Читаем Творчество Франсуа Рабле и народная культура средневековья и Ренессанса полностью

Уже Ронсар и Плеяда были убеждены в существовании иерархии жанров. Эта идея, в основном заимствованная у античности, но переработанная на французской почве, могла укорениться, конечно, далеко не сразу. Плеяда была еще в этих вопросах очень либеральна и демократична. Ее члены относились к Рабле с большим уважением и умели его ценить по достоинству, в особенности Дю Белле и Баиф. Однако эта высокая оценка нашего автора (и могучее влияние его языка на язык Плеяды) шла вразрез с его местом в иерархии жанров, местом самым низким, почти за порогом литературы. Но эта иерархия была пока еще только отвлеченной и не вполне четкой идеей. Должны были произойти известные социальные, политические и общеидеологические изменения и сдвиги, должен был отдифференцироваться и сузиться круг читателей и оценщиков большой официальной литературы, чтобы иерархия жанров стала выражением реального соотношения их в пределах этой большой литературы, чтобы она стала действительной регулирующей и определяющей силой.

Этот процесс завершился, как известно, в XVII веке, но он начинает давать себя знать уже к концу XVI века. Тогда уже начинает складываться представление о Рабле, как о только занимательном, только веселом писателе. Такова, как известно, была и судьба «Дон Кихота», который долгое время воспринимался в разряде занимательной литературы для легкого чтения. Это произошло и с Рабле, который начал с конца XVI века все ниже спускаться к самому порогу большой литературы, пока не очутился почти и вовсе за этим порогом.

Уже Монтень, который был на сорок лет моложе Рабле, пишет в «Опытах»: «Среди книг просто занимательных (simplement plaisants) я считаю из новых книг «Декамерон» Боккаччо, Рабле и «Поцелуи» Иоанна Секунда (Jehan Second), если их следует относить к этому разряду, достойными, чтобы ими развлечься (dignes qu’en s’y amuse)» («Essais», кн. II, гл. 10; место это относится по времени написания к 1580 г.).

Однако это «просто занимательное» Монтеня лежит еще на самой границе старого и нового понимания и оценки «занимательного» (plaisant), «веселого» (joyeux), «досужного» (récréatif) и других аналогичных эпитетов к произведениям, которые так часто входят в XVI и XVII веках в самые заглавия этих произведений [25]. Понятие занимательного и веселого для Монтеня еще не окончательно сузилось и не приобрело еще оттенка чего-то низкого и несущественного. Сам Монтень в другом месте «Опытов» (кн. 1, гл. XXXVIII) говорит:

«Я лично для себя люблю только книги или занимательные (plaisants) и легкие (faciles), которые меня забавляют, или такие, которые меня утешают и советуют, как мне устроить мою жизнь и мою смерть (à regler ma vie et ma mort)».

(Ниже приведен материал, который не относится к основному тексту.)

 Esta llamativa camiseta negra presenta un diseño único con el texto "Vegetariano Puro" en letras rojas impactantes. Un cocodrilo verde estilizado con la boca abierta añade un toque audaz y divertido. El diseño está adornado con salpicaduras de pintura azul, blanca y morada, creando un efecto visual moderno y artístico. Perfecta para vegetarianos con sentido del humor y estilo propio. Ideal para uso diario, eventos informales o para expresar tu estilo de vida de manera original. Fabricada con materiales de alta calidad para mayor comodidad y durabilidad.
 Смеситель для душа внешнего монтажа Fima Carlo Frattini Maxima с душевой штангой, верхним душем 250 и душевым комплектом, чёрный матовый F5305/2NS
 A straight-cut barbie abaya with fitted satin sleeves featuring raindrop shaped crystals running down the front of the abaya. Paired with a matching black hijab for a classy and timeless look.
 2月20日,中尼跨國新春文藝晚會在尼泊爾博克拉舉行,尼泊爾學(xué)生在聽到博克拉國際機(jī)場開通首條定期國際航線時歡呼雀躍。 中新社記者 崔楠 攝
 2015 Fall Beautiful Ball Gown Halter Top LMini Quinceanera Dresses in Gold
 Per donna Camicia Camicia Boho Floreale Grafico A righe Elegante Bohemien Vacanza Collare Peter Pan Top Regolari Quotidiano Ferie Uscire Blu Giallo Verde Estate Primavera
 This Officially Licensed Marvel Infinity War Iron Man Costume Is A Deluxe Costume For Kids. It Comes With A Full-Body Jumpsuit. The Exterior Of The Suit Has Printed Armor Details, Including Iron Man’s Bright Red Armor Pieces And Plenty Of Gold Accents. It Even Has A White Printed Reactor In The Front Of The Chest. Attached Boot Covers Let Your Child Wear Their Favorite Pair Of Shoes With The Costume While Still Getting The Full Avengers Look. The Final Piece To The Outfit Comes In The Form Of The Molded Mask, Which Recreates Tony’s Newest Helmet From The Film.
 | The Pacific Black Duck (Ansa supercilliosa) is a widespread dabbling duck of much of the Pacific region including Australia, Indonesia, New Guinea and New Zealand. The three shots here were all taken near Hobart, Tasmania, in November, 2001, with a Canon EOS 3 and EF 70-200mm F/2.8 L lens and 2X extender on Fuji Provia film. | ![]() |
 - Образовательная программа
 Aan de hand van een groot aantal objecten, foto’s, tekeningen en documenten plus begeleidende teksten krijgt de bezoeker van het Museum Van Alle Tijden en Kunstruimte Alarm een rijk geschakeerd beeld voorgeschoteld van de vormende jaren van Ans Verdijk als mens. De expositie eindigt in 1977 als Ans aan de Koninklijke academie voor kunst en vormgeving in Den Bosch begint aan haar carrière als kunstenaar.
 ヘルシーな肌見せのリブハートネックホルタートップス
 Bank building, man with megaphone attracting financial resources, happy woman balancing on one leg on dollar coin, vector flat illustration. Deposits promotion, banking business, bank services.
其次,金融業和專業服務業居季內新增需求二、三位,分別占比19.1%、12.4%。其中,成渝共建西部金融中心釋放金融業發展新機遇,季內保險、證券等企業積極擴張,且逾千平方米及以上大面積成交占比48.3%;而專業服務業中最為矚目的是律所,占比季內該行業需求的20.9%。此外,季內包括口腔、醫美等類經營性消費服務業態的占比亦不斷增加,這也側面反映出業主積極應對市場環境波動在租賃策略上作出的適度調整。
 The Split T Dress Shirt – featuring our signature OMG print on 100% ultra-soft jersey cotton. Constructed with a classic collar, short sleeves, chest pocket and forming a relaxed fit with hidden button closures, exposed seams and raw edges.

Из приведенных слов ясно, что из всей художественной литературы в собственном смысле Монтень предпочитает именно занимательные и легкие книги, так как под другими книгами, книгами утешения и совета, он понимает, конечно, не художественную литературу, а книги философские, богословские и прежде всего книги типа самих «Опытов» (Марк Аврелий, Сенека, «Moralia» Плутарха и т. п.). Художественная литература для него еще в основном занимательная, веселая, рекреативная литература [26]. В этом отношении он еще человек XVI века. Но характерно, что вопросы устроения жизни и смерти уже решительно изъяты из области ведения веселого смеха. Рабле, рядом с Боккаччо и Иоанном Секундом, «достоин того, чтобы им развлечься», но он не относится к числу утешителей и советников в деле «устроения жизни и смерти». Однако именно таким утешителем и советником Рабле был для своих современников. Вопрос устроения жизни и смерти они еще умели ставить в веселом плане, плане смеха.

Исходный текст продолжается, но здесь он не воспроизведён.